Only 176 Ferraris were sold in Italy in the first half of this year, against 729 in the same period last year - a 76 per cent drop that compares with a 22 per cent fall for the Italian car market as a whole. Largely as a result, motor consultancy DRI/McGraw Hill reckons the company will build 1,880 cars in 1993, against 3,470 last year.

Nigel Griffiths, a DRI consultant, said the anti-corruption drive has made Italians nervous of flaunting wealth. 'In a recession the luxury sector always gets hit harder,' he said. 'But this fall seems too much to be caused just by recession - the sector is down at least twice as much as the rest of the market.'

The fall is particularly marked, given a change in taxation that should have helped luxury makers in January. As part of the single market process, Italy had to reduce its 38 per cent VAT on cars of more than two litres to bring it into line with the standard rate of about 18 per cent.

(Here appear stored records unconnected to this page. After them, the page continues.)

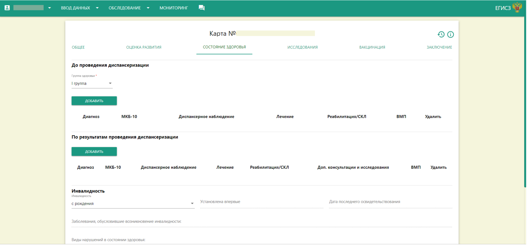 Вкладка «Состояние здоровья». Заполнение учетной карты № 030-Д/с/у-13
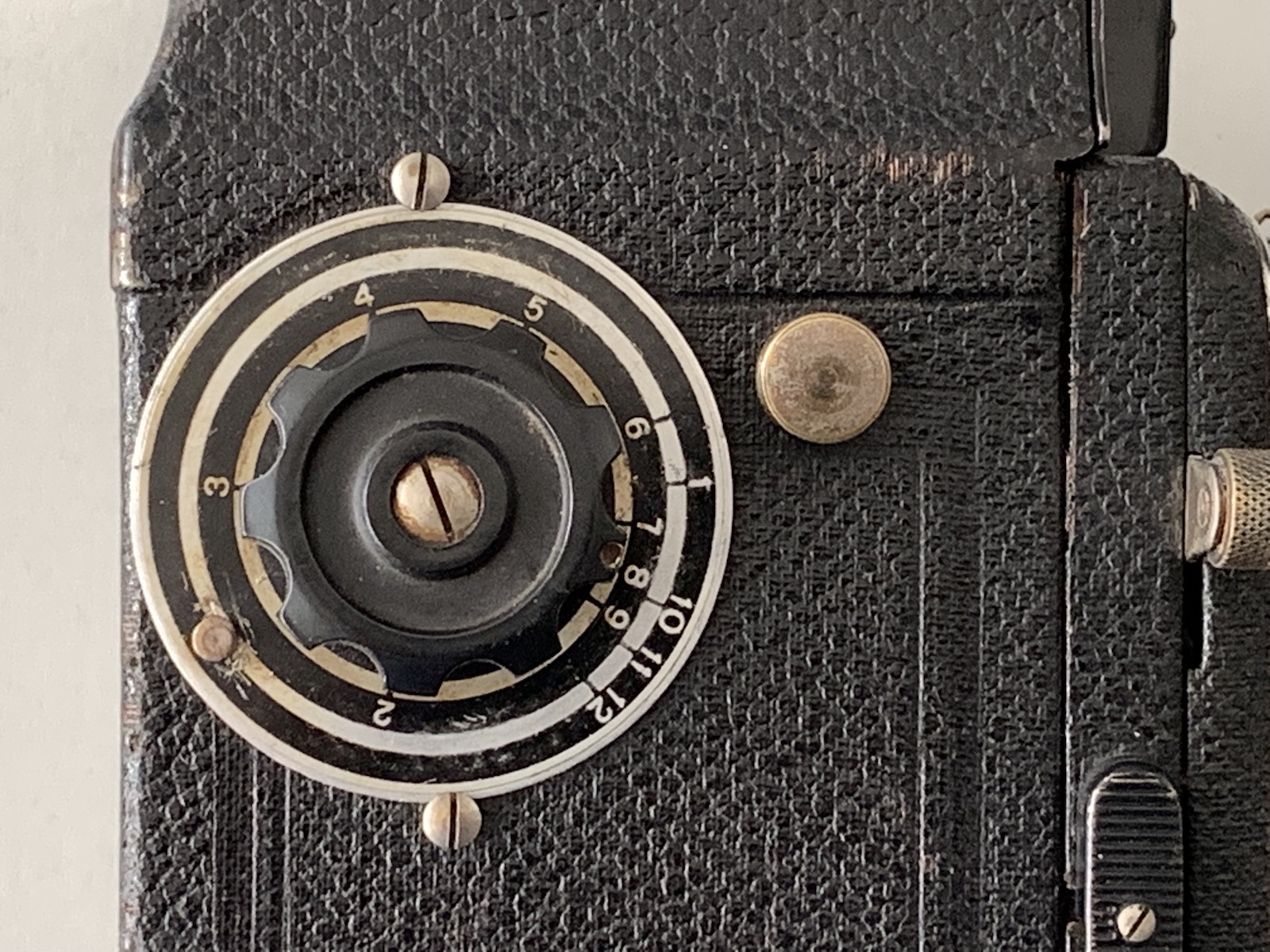 An diesem Exemplar ist auch ein Zählwerk vorgesehen, dessen Funktion sich mir bislang allerdings nicht erschlossen hat. Die Scheibe ist drehbar, allerdings nicht mit dem Filmtransport gekoppelt.
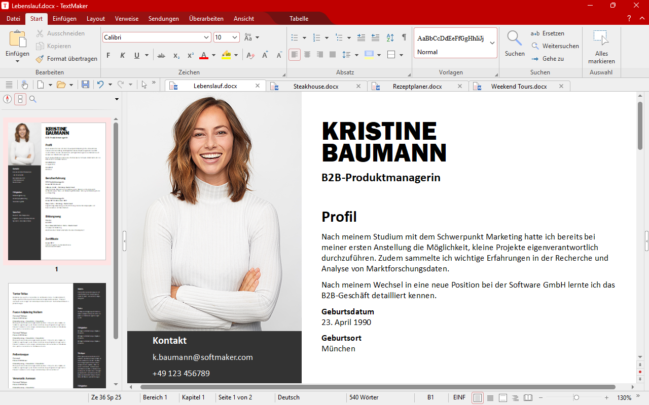 Mit TextMaker erstellen Sie im Handumdrehen Dokumente jedes Umfangs – ob Flyer, Broschüre, Geschäftsbrief oder komplette Studienarbeit. Durch die native Verwendung des Dateiformats DOCX sind Ihre Dokumente kompatibel zu Microsoft Word.
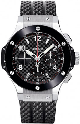 Hublot Big Bang Steel Ceramic Mens Watch 301.SB.131.RX. Stainless steel case with a black rubber strap. Fixed black ceramic bezel. Black carbon fiber pattern dial with luminous hands and alternating Arabic numeral and index hour markers. Minute markers around the outer rim. Chronograph - three sub-dials displaying: 60 second, 30 minute and 12 hour. Automatic movement with a 42-hour power reserve. Scratch resistant sapphire crystal. Pull / push crown. Transparent case back. Case diameter: 44 mm. Case thickness: 14.5 mm. Round case shape. Band width: 25 mm. Band length: 8 inches. Fold over clasp with a push button release. Water resistant at 100 meters / 330 feet. Functions: hours, minutes, seconds, calendar, chronograph. Sport watch. Item Variations: 301.SB.131.RX, 301-SB-131-RX, 301/SB/131/RX, 301SB131RX.
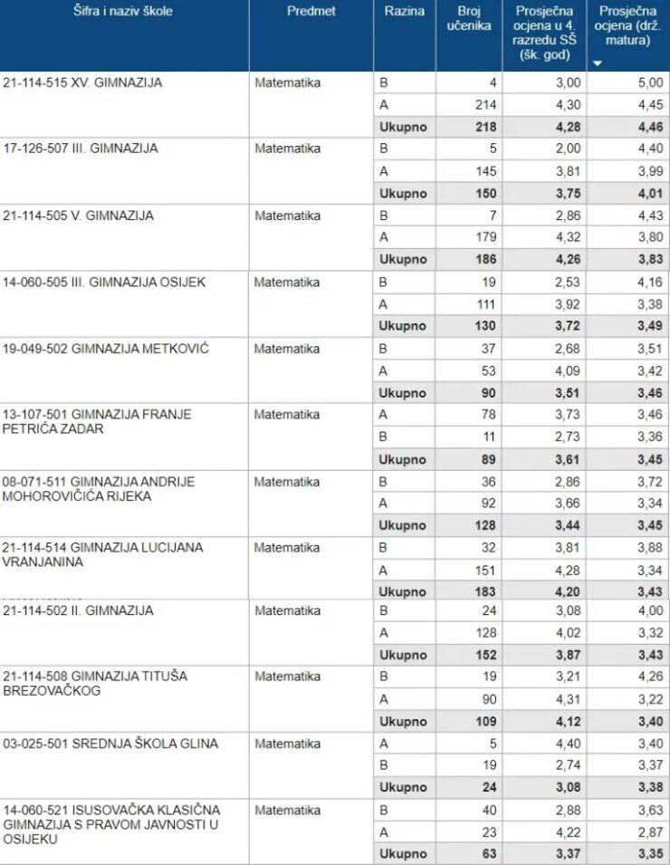 U tablici u nastavku Srednja.hr je izdvojila deset najboljih prosječnih ocjena na maturi iz Matematike, s tim da je na popisu 12 škola jer su neke ostvarile istu prosječnu ocjenu.

Only three years ago Ferrari's main problem was rationing output. In the 1980s, it became the ultimate symbol of success and prices of classic racing Ferraris were driven up. The most expensive car ever auctioned was a Ferrari GTO from the early 1960s, sold to a European investor for pounds 6.4m. It was not long before anything with a prancing horse logo found itself riding the wave: many new models had massive premiums as soon as they were sold. In 1988 the road-racing F40, listed at pounds 165,000, was changing hands for pounds 500,000. There were those who said that Ferrari, a Fiat subsidiary, should increase production rather than let speculators take the profit: it refused, holding output at 4,000. That bubble burst in 1990, the premiums disappeared and speculators were left with huge losses. One tried to limit his by raffling five cars at London railway stations.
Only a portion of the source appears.